Shin Kawashima: Jeśli Chiny chcą opanować Tajwan, inwazja musi być błyskawiczna

Gdyby w razie nieudanej chińskiej inwazji Tajwan został zintegrowany z międzynarodowymi instytucjami, byłaby to dla Pekinu tragedia - mówi prof. Shin Kawashima, japoński politolog.

Publikacja: 09.12.2022 17:00

Shin Kawashima: Jeśli Chiny chcą opanować Tajwan, inwazja musi być błyskawiczna

Foto: NPI.OR.JP

Plus Minus: Czy Xi Jinping zdecyduje się dokonać inwazji na Tajwan?

Z pewnością ma coraz lepsze po temu narzędzia. W ostatnich pięciu latach Chiny w szczególności rozwinęły arsenał pocisków średniego i dalekiego zasięgu, który pozwala im na zaatakowanie wyspy. Żaden kraj świata nie jest też przedmiotem tak zmasowanych ataków w cyberprzestrzeni jak Tajwan ze strony Chin. Jednak nie sądzę, aby Xi zdecydował się na takie uderzenie teraz. Na XIX zjeździe Komunistycznej Partii Chin w 2017 r. zapowiedział, że do 2049 r., gdy przypadnie stulecie proklamowania Republiki Ludowej, kwestia zjednoczenia kraju, czyli podporządkowania Tajwanu, będzie rozwiązana. Na kolejnym, XX zjeździe, który odbył się w listopadzie obecnego roku, potwierdził ten cel. To jest więc stała polityka. Fundamentalnym etapem na tej drodze ma być rok 2035. Do tego czasu Xi musi pokazać, że robi konkretne postępy w jednoczeniu kraju. Czy uzna, że zajęcie do tego czasu jakichś małych wysp wokół Tajwanu będzie wystarczające, nie wiadomo. W każdym razie będzie miał wtedy 79 lat i nie da się wykluczyć, że to jego następcy przypadnie rozwiązanie kwestii zjednoczenia kraju.

Chiny mają inne poczucie czasu niż Rosja. Wszystko może trwać dłużej. Właśnie dlatego Xi nie zaryzykuje teraz uderzenia na Tajwan, jak to zrobił Władimir Putin z Ukrainą?

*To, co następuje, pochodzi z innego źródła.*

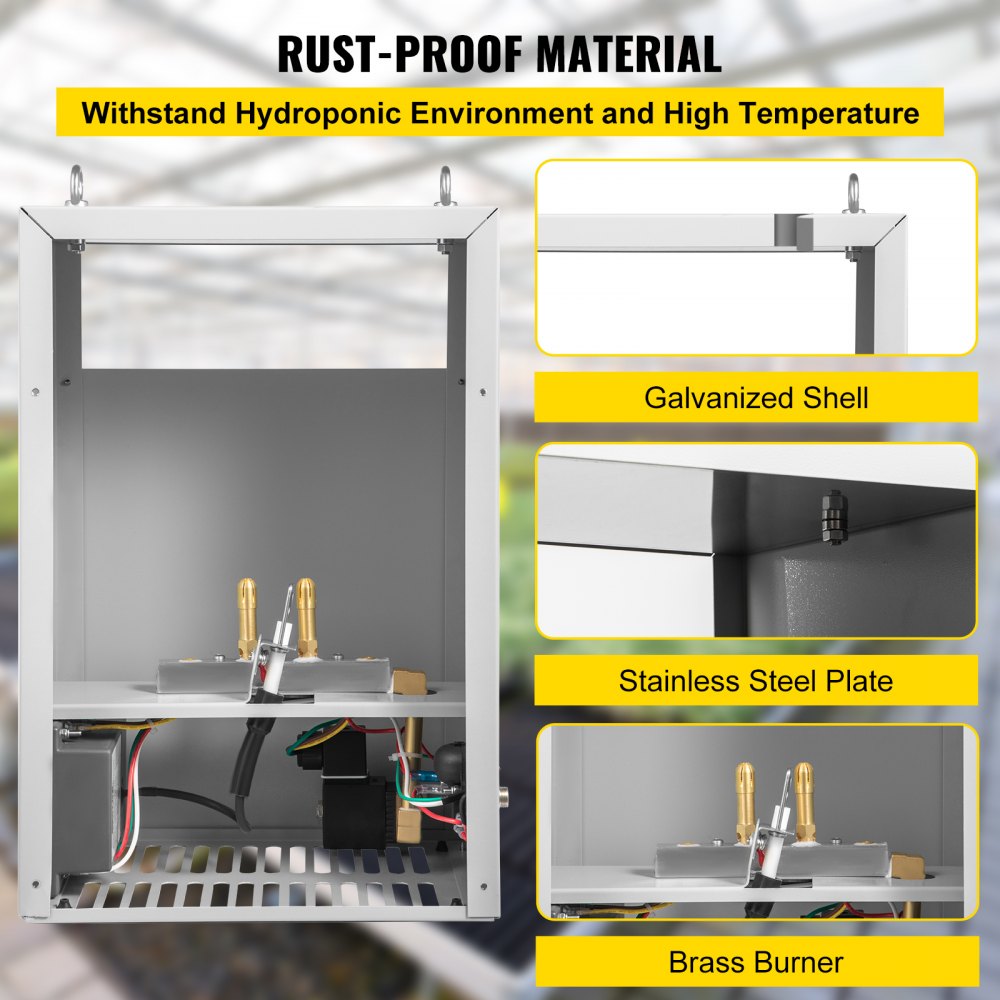 High CO2 Output: Produces 5588 BTU/hr of CO2 to promote rapid plant growth and yield improvement
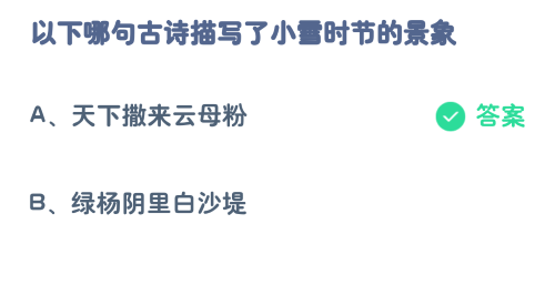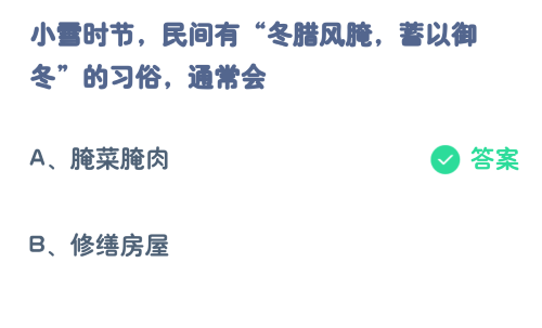 蚂蚁庄园11.22日问题为以下哪句古诗描写了小雪时节的景象和小雪时节民间有冬腊风腌蓄以御冬的习俗通常会,蚂蚁庄园11.22日答案为天下撒来云母粉和腌菜腌肉,两个问题都是关于小雪时节的问题,具体解析在这篇2023蚂蚁庄园今日答案11.22最新汇总。

Xi Jinping wciąż żyje nadzieją, że proces zjednoczenia Chin odbędzie się w sposób niemal naturalny, za wolą Chińczyków, do których zalicza także mieszkańców Tajwanu. Tu nie widzi więc różnic w stosunku do Hongkongu. Jednak czas nie gra na jego korzyść. Jeszcze 20–30 lat temu Tajwańczycy czuli się faktycznie Chińczykami. Czang Kaj-szek wmawiał im, że odzyskanie kontroli przez Kuomintang nad całym krajem jest nieuniknione i nastąpi szybko. Nawet więc po jego śmierci w 1975 r. to przekonanie pozostawało żywe wśród części społeczeństwa, szczególnie wśród tych, którzy przybyli w 1949 r. z kontynentu. Jednak dziś Tajwańczycy, w pierwszym rzędzie młodzi, mają bardzo silne poczucie własnej tożsamości oparte przede wszystkim na przywiązaniu do wolności, demokracji. Nie chcą żyć w chińskiej dyktaturze. Piętrzące się trudności gospodarcze i porażka władz komunistycznych w walce z pandemią jeszcze bardziej ich przekonały, że nie warto żyć w opresji. To bardzo komplikuje zadanie Xi. Liczył, że może poprzez różne formy nacisku, w szczególności ekonomicznego, skłoni Tajwańczyków do dobrowolnego podporządkowania się władzom w Pekinie. Ale tak się nie stanie. Kiedy Xi zorientuje się, że popełnił błąd, może zdecydować się na użycie bardziej ryzykownych metod, czyli inwazji. Na XX zjeździe powtórzył zresztą, że nie zrezygnuje z użycia siły dla podporządkowania sobie wyspy.

Czytaj więcej

Trzy lata z pandemią. Jak covid zmienił gospodarkę, społeczeństwo i geografię

Czego nauczyło go doświadczenie Rosjan w Ukrainie?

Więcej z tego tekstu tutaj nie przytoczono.